Rabu, 17 November 2010

Hikmah Idul Adha

Mengembalikan Jati Diri Bangsa, bulan ini merupakan moment yang sangat tepat untuk  Mengembalikan Jati Diri Bangsa ini yang masih terpuruk, bulan bersejarah bagi umat Islam. Pasalnya, di bulan ini kaum muslimin dari berbagai belahan dunia melaksanakan rukun Islam yang kelima, yaitu ibadah haji. Ibadah haji merupakan ritual ibadah yang mengajarkan persamaan di antara sesama. Dengan ibadah Haji, Islam tampak sebagai agama yang tidak mengenal status sosial. Kaya, miskin, pejabat, rakyat, kulit hitam ataupun kulit putih semua memakai pakaian yang sama. Bersama-sama melakukan aktivitas yang sama pula yakni manasik haji.
Haji merupakan suatu lambang dari puncak ketangguhan pribadi dan puncak ketangguhan sosial. Haji adalah sublimasi dari sholat dan keseluruhan rukun Iman. Haji merupakan lambang perwujudan akhir dari Rukun Islam.
Haji merupakan suatu langkah penyelarasan nyata antara alam pikiran dengan praktek. Haji adalah suatu simbul praktek yang sempurna, transformasi dari suatu pikiran ideal (fitrah) ke alam nyata secara sempurna. Haji adalah keselarasan antara Iman dan Islam. Secara prinsip Haji merupakan suatu konsep berfikir yang berpusat hanya kepada Allah, yang akan menumbuhkan kesadaran diri (self awareness), hakekat diri, jati diri.
Secara sosial haji merupakan simbol kolaborasi tertinggi yaitu pertemuan pada skala tertinggi dimana umat Islam sedunia melaksanakan langkah yang sama dengan landasan prinsip yang sama pula.
Haji merupakan simbol dari siklus kehidupan manusia (life cycle), diawali dangan kelahiran yang fitrah dan diakhiri dengan kematian yang fitrah pula plus pertanggungjawaban semasa menjalankan misi Tuhan sebagai Rahmatan Lil ‘alamin.
Selain ibadah haji, pada bulan ini umat Islam merayakan hari raya Idul Adha. Lantunan takbir diiringi tabuhan bedug menggema menambah semaraknya hari raya. Suara takbir bersahut-sahutan mengajak kita untuk sejenak melakukan refleksi bahwa tidak ada yang agung, tidak ada yang layak untuk disembah kecuali Allah, Tuhan semesta alam.

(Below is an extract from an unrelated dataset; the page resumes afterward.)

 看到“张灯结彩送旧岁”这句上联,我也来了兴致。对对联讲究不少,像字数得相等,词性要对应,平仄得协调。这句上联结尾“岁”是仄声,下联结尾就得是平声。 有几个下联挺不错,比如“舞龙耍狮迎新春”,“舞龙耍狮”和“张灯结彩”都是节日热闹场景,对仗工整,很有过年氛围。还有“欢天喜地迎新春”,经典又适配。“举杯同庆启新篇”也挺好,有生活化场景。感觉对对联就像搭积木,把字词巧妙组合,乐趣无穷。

Peristiwa ini memberikan kesan yang mendalam bagi kita. Betapa tidak. Nabi Ibrahim yang telah menunggu kehadiran buah hati selama bertahun-tahun ternyata diuji Tuhan untuk menyembelih putranya sendiri. Nabi Ibrahim dituntut untuk memilih antara melaksanakan perintah Tuhan atau mempertahankan buah hati dengan konsekuensi tidak mengindahkan perintahNya. Sebuah pilihan yang cukup dilematis. Namun karena didasari ketakwaan yang kuat, perintah Tuhanpun dilaksanakan. Dan pada akhirnya, Nabi Ismail tidak jadi disembelih dengan digantikan seekor domba.
Kisah tersebut merupakan potret puncak kepatuhan seorang hamba kepada Tuhannya. Nabi Ibrahim mencintai Allah melebihi segalanya, termasuk darah dagingnya sendiri. Kecintaan Nabi Ibrahim terhadap putra kesayangannya tidak menghalangi ketaatan kepada Tuhan. Model ketakwaan Nabi Ibrahim ini patut untuk kita teladani dalam rangka mengembalikan jati diri bangsa ini yang masih terpuruk.

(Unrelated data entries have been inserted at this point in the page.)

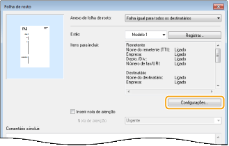 Exibe os itens que serão incluídos em uma folha de rosto. Para alterar os itens a serem incluídos, clique em [Configurações].
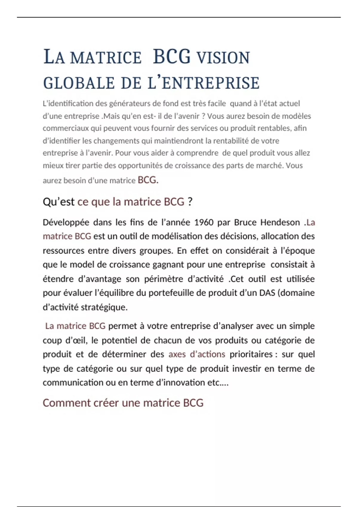 , aurez besoin d’une matrice BCG
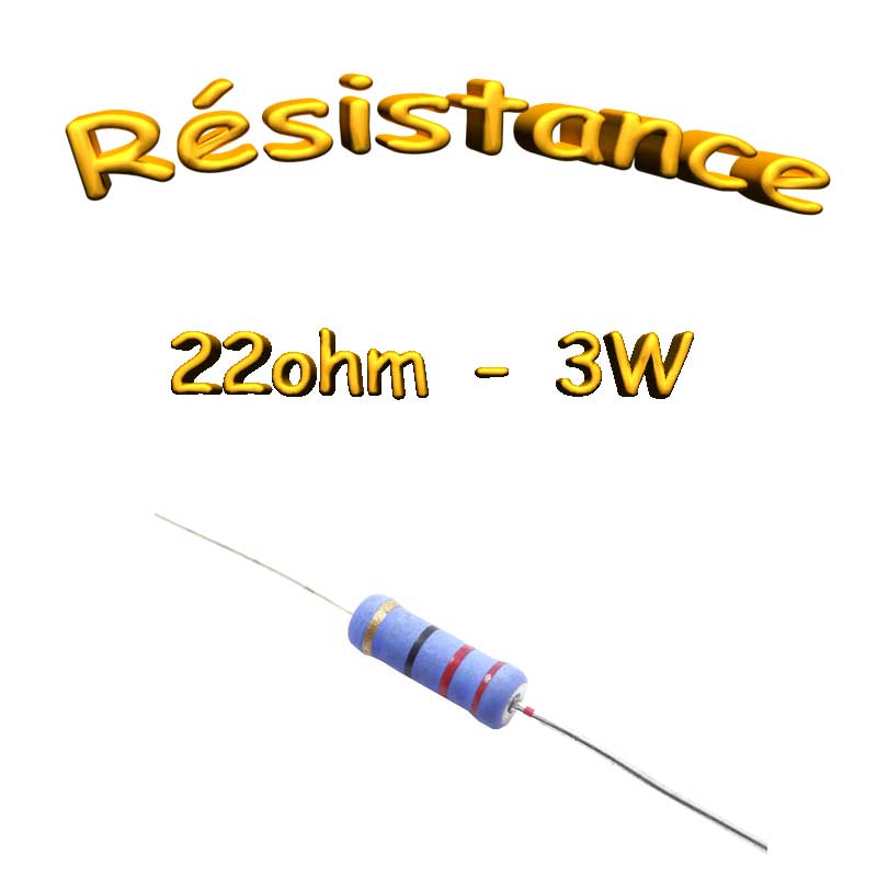Résistance 22ohms . Utilisé dans de nombreuse applications: TV, appareils audio & vidéo, appareils ménagers, systèmes de communication, … elles sont en plus très facile à souder.

Momen ini mari kita jadikan sebagai muhasabah terhadap berbagai peristiwa yang terjadi di negeri ini. Dari berbagai media, kita bisa melihat betapa budaya korupsi masih merajalela di negeri tercinta ini. Kasus suap, sogok menyogok, “markus” atau makelar kasus masih mewarnai negeri ini.  Demi menumpuk kekayaan mereka rela menanggalkan “baju” ketakwaan. Ambisi untuk meraih jabatan telah memaksa untuk rela menjebol ”benteng-benteng” agama. Dewasa ini, tata kehidupan telah banyak yang menyimpang dari nilai-nilai ketuhanan. Dengan semangat Idul Adha, mari kita teladani sosok Nabi Ibrahim. Berusaha memaksimalkan rasa patuh dan taat terhadap ajaran agama.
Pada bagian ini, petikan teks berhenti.